Archive for September, 2009

The Courage to Let Go

Wednesday, September 30th, 2009

Recently I was invited to speak to a group of senior executives at a well established national retail company.  It’s a business steeped in tradition and admired for its values and commitment to its stores and its employees.   They admit however that proactive change is not something they’re widely reputed for.  Based on the fact that I am such an advocate of change, I didn’t know exactly what to expect going in.HANDS3

My presentation centered on how the needs of consumers, the nature of competition and the media are all shifting dramatically.  I discussed the many opportunities that are available to companies who embrace change and how they can capitalize on it.   A substantial part of the presentation focuses on the continued growth and importance of social networks and media for retailers.

At the end of the presentation I spoke to their Marketing Director who had been trying for months to implement a social media program.  He was clearly and understandably delighted to learn he had just gotten the CEO’s approval to finally go ahead with it. He thanked me and I congratulated him and told him that I admired his conviction. It takes courage to fight for what we believe in.

However, as I made my way out of the conference room I realized that the real courage that day was on the part of the company’s CEO.   Until now, he had, for whatever reason, been opposed to a social media program but today he allowed his position to change.  Sure it takes guts to stand up for what you believe in, but I think it takes even more courage to let go of what you believe in.   Divorcing yourself from a long-held belief is like throwing out your favorite pair of jeans – they may be a little dated and worn but they’re damn comfortable…far more comfortable than new ones.

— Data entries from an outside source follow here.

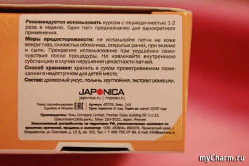 В картонной упаковке находится 6 пар патчей, их соответственно хватит на шесть полноценных применений. У меня они с ароматом ромашки, хотя в линейке имеются и другие: с запахом розы и полыни. Каждый патч упакован индивидуально в полиэтиленовый пакетик, на котором для удобства открывания присутствует небольшая насечка.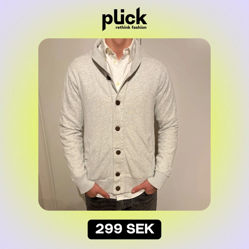 Grå kofta från märket H&M, storlek S. Bra använt skick, inga defekter. Modell på bild är 182/67kg. Hör av dig vid eventuella frågor! Mvh CAVI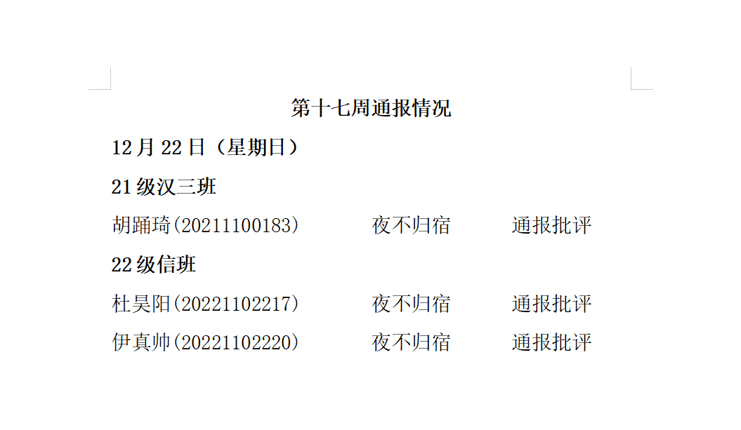 beat365英国官方网站2024——2025年度第一学期第十七周通报情况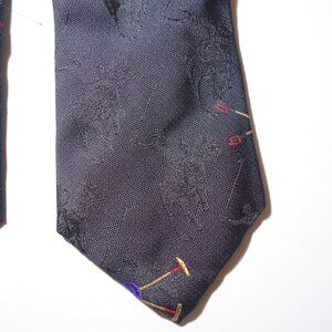 Vintage Ralph Lauren embroidered black on black equestrian polo player tie made by hand.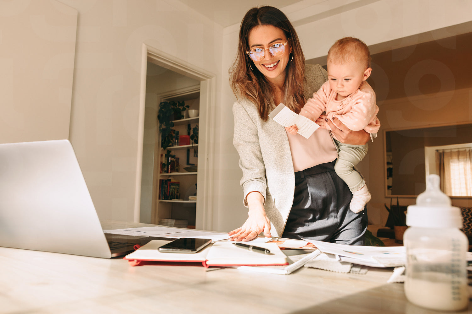 Cheerful mom holding her baby while working on a new project in her home office. Happy single mom smiling at the swatches on her desk. Female interior designer balancing work and motherhood.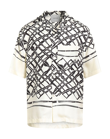 regular-fit shirt, satin, two-tone, no appliqués, camp collar, short sleeves, button fastenings, one chest pocket, dry clean, do not bleach, do not tumble dry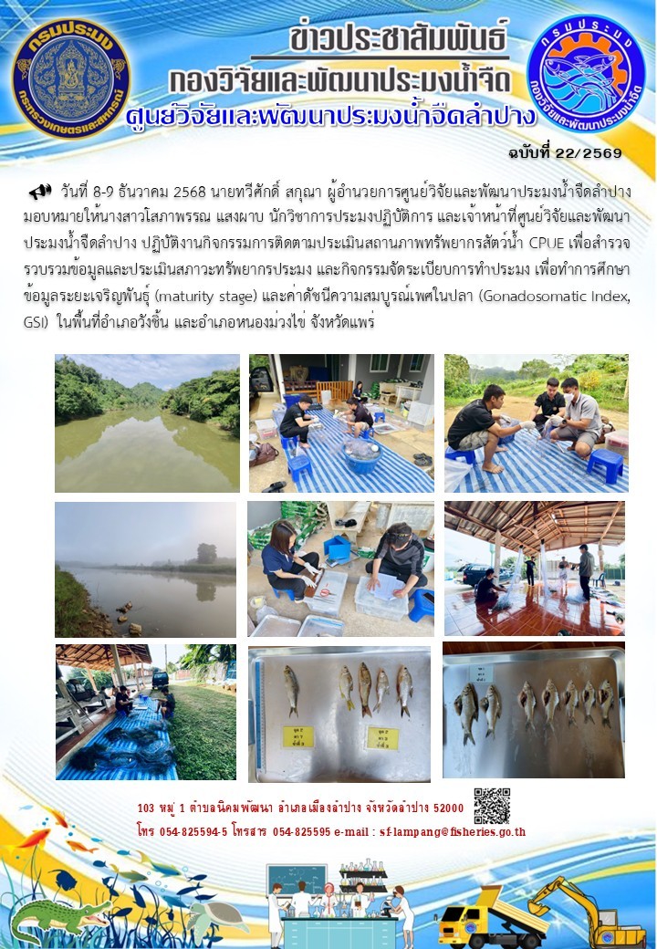 [2025-12-27] 22 - 24 ธันวาคม 2568 ประชุมชี้แจงโครงการบริหารจัดการทรัพยากรประมงน้ำจื.. [2025-12-27] 16-18 ธันวาคม 2568 ประชุมชี้แจงโครงการบริหารจัดการทรัพยากรประมงน้ำจืด.. [2025-12-27] ร่วมพิธีเปิดงานฤดูหนาวและของดีนครลำปาง ประจำปี 2569.. [2025-12-27] ร่วมพิธีบำเพ็ญกุศลปัญญาสมวาร 50 วัน.. [2025-12-27] ปฏิบัติงานประเมินทรัพยากรสัตว์น้ำ CPUE ครั้งที่ 1.. [2025-12-27] ประกาศกรมประมง เรื่อง บัญชีรายชื่อผู้ผ่านการเลือกสรรเพื่อจัดจ้างเป็นพน.. [2025-12-11] ร่วมกิจกรรมให้การช่วยเหลือเกษตรกรผู้ปลูกส้มเขียวหวานบ่อสี่เหลี่ยม.. [2025-12-11] ร่วมกิจกรรมจิตอาสาพ้ฒนา เนื่องในวันรัฐธรรมนูญ.. [2025-12-11] ร่วมพิธีวางพุ่มดอกไม้สดถวายเป็นราชสักการะต่อเบื้องหน้าพระบรมฉายาลักษณ์.. [2025-12-11] ต้อนรับนางฐิติพร  หลาวประเสริฐ  อธิบดีกรมประมง ในการตรวจเยี่ยมหน่วยงาน.. อ่านทั้งหมด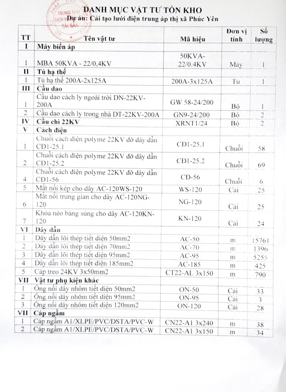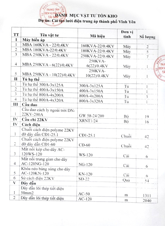 4. Tên tài sản, nơi có tài sản đấu giá; giá khởi điểm, tiền đặt trước, tiền mua hồ sơ tham gia đấu giá tài sản: Vật tư dư thừa dự án cải tạo lưới điện trung áp thành phố Vĩnh Yên và Phúc Yên (Chi tiết trong hồ sơ).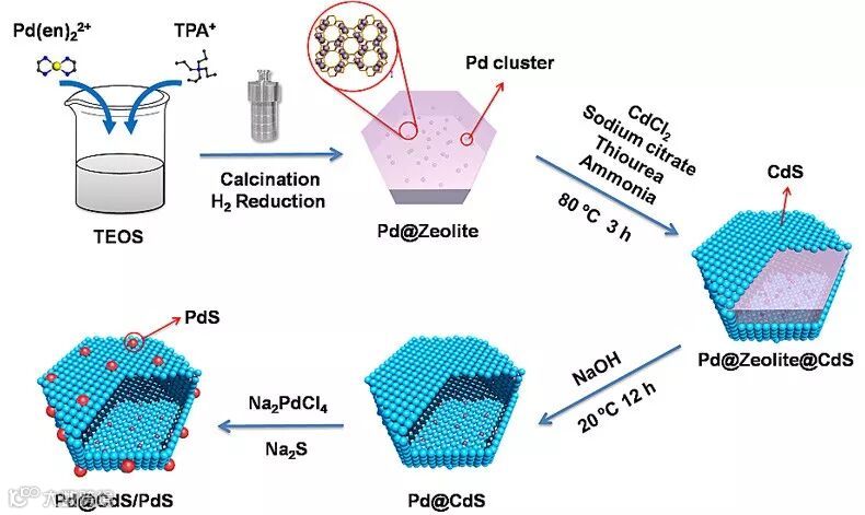 图1. 制备中空Pd@CdS/PdS催化剂的示意图

Organizations rarely fail to adapt because their people didn’t realize the need for change.  On the contrary, it’s often the rank and file employees that are the most vocal proponents for change.  Ironically, it’s often because their leaders simply won’t let go of the past.  Consequently, they impede the organization’s ability to change.  It seems almost counterintuitive that leadership would stand in the way of progress but it’s often the case.  Change can be turbulent, chaotic and uncertain – three things many CEO’s (and the shareholders they answer to) don’t care for very much.

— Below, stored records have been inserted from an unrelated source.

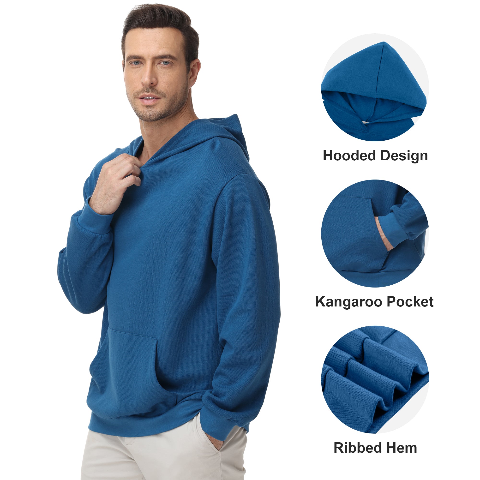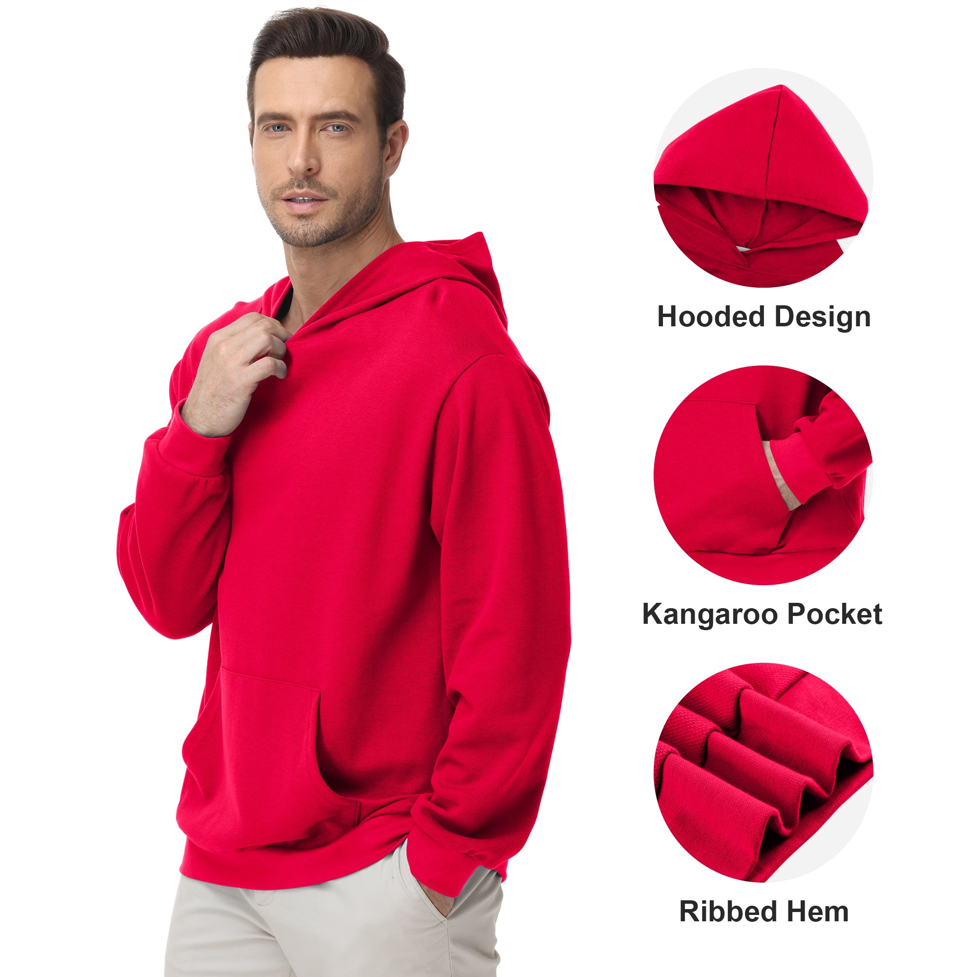 Men's Hooded Sweatshirt – Soft Lightweight Cotton Pullover Hoodie, Solid Color Long Sleeve for Casual Wear and Layering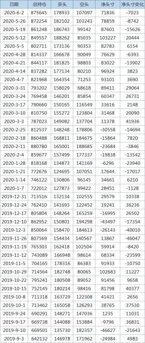 以下为CFTC公布的2019/20年度以来CBOT大豆期货基金持仓净头寸变化一览: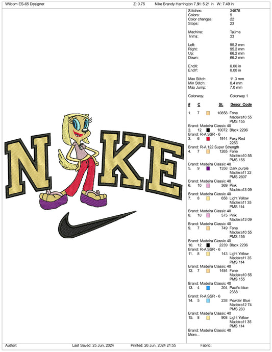 Nike Brandy Harrington Embroidery Design Files - 3 Sizes

Strangely enough, the barrier to change isn’t a lack of people sticking to their guns.  It’s an overabundance of people sticking to their guns.  Yes, it takes courage to hold-on in the face of adversity but I maintain that it takes more courage to let go in the face of change.

A Bold Step into the Future for the PDRA

Friday, September 25th, 2009

We’re happy to announce that the Paint and Decorating Retailers Association of North America has engaged Retail Prophet to develop the organizations first-ever social media program.PDRA

The PDRA, headquartered in St. Louis, MO is an association dedicated to the support and education of its members across the U.S. and Canada. Founded in 1947, the association brings value to its membership through trade shows, training programs and publication of its magazine, Paint and Decorating Retailer.

An effective social media program will extend both the reach and frequency of the PDRA’s message, enabling even greater levels of support and dialogue with it’s membership and the industry at large.

It’s A Numbers Game: An Inteview with Ken Gronbach

Monday, September 21st, 2009

By Doug Stephens

“…there’s a parade moving through our marketplace.  But instead of marching, the parade is aging.  Those at the front – the oldest – are already disbanding, while the youngest in the back of the parade are just now forming at the fairgrounds.  The parade has a pace of its own and we can’t slow it down, speed it up or change the order of each section.

The generational sections vary dramatically in size.  This fact makes their consumption habits very predictable.”

-          From The Age Curve:  How to Profit From the Coming Demographic Storm

There has been endless speculation over the last decade about the aging consumer and the profound impact they will have on almost every aspect of the economy.  More recently, attention has turned to their heirs to the throne of consumerism, Generation Y and the game-changing influence they’ll have on all categories of goods and services.

The Age Curve Author, Ken Gronbach

The Age Curve author, Ken Gronbach

Despite all the conversation, do marketers really get it? Are they truly paying attention to these profound and largely mathematical realities?  Are they aptly identifying key differences between generations? If they are what are some of the common pitfalls and misconceptions they risk running up against in putting demographics into practice in their marketing approach?

I had a chance this week to interview Ken Gronbach, author of The Age Curve and ask his opinion on some of these questions.

Retail Prophet: What do you feel is the greatest misconception surrounding the use of demographic information by marketers?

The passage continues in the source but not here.